Creator Of ‘Your Baby Can Read! ‘ Busted Because Your Baby Can’t Read

For all you parents who shilled out $200 watching an infomercial at two a.m. in hopes that your three-month-old would be reading The Odyssey or even Goodnight, Moon to you by preschool we have some bad news. The Federal Trade Commission  has filed a complaint against the man behind the “Your Baby Can Read” program, Robert Titzer. The FTC accuses him of false and deceptive advertising for promoting his program in ads and product packaging as a tool to teach infants as young as nine months to read, gave children an early start on academic learning, and made them more successful in life than those who didn’t use it. From the FTC website:

According to the complaint, the defendants sold the Your Baby Can Read! program to parents and grandparents of children aged three months to five years since at least January 2008, charging about $200 for each kit and taking in more than $185 million, directly via a toll-free number and their own websites.

One 30-minute television infomercial featured a home video of a two-year-old girl who used the program and is purportedly reading a page from the children’s book Charlotte’s Web.  The girl’s mother then appears, saying that when her daughter was three years old, ”she read her first Harry Potter book and she fell in love with it.”

Hey, now, as much as I think the Harry Potter franchise rocks for getting so many children worldwide psyched about reading, the idea of a three-year-old reading Harry Potter is creepy. Three-year-olds reading 300 page novels is not a good idea, because it detracts from them doing other really important three-year-old stuff, like throwing blocks across the room and pulling the cat’s tail. Three-year-olds have better things to do than reading novels, like drawing on walls and having tantrums.

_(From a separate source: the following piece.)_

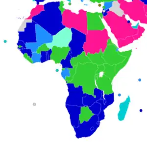 Scope: all jurisdictions per list of sovereign states and dependent territories in Africa.
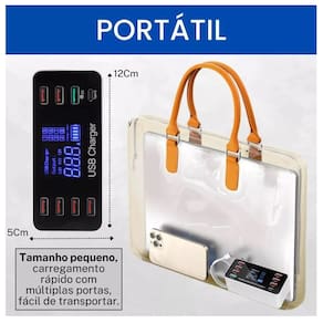 Equipado com 8 portas USB, este carregador permite que você carregue vários dispositivos simultaneamente, otimizando o tempo e mantendo seus eletrônicos sempre prontos para uso.

According to the Your Baby Can Read website:

Your Baby Can, LLC has shut down all operations and is no longer in business.

Did you purchase this program for your child or grandchild? Did you feel like it made them more successful in life? When my kids were smaller I read to them constantly, which I still do now, but I never bought into any of those super popular “early development” programs that so many of my other mommy pals did. I know they received some Baby Einstein  videos as a gift, but I always found the music and puppets really annoying.

I’m all for cozying up with babies and kids and reading with them, and I feel bad for any parents suckered into buying this program in hopes there infants would start reading at a grade school and above level. None of us grew up with these sorts of products and we all turned out just fine. One of the best things you can do for your kids is let them see you reading, getting excited about new books, and sharing books with them that you loved as a child. Take them to libraries, to brick and mortar book stores, and give them books as gifts. And it costs a lot less than $200.